物語は未だ若く放漫な主人公が魔法学校に入学し、ライバル心から禁じられた呪文を唱え、死の国の影を呼び出してしまい、以降ゲドと影の壮絶な闘いが繰り広げられるわけですが、アースシーという海に過去囲まれた島々を情緒たっぷりに描く筆致もさることながら、ゲドの後見人とも言うべき年老いた魔法使いオジオンの深い愛情と魔法学校で知り合ったカラスノエンドウの友情に涙しました。
また魔法の定義もアースシー世界の古代語(ハード語)で魔法をかける物の名前を正確に唱えなければならないという設定があるのに説得力があったように思います。たとえば「全ての海に荒らしを呼ぼう」とすると、全部の海の名前を呼ばなければならず、よってひとりの魔法使いが使える魔法には限界という物があるという設定になっています。

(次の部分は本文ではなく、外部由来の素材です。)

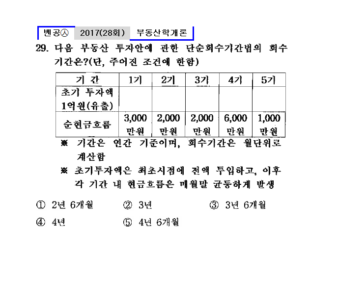 28회㉦29. 다음 부동산 투자안에 관한 단순회수기간법의 회수 기간은?(단, 주어진 조건에 한함)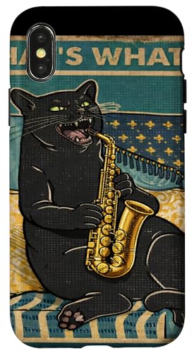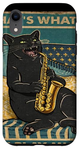 T-Shirt rétro Amusant avec Motif de Chat Jouant du Saxophone Coque pour iPhone XR

それゆえに個人の名前にも呼び名と真の名があり、自分の真の名を他人に明かすといういうことがどういう事なのか、それにまつわるエピソードにも心打たれるものがありました。
真の名前はもとより、ゲドがハヤブサとなって大空を飛び回るシーン、ゲドの心の支えとなる小動物オタクのヘグの描写、様々な形を取ってゲドの前に現れる影のイメージなど、ついつい宮崎アニメのあのシーン、このシーンが頭をもたげてしまう自分のおたく度が情けないんですが、宮崎さんがいかにこの作品に影響を受けていたかを知る事が出来たのも収穫でした。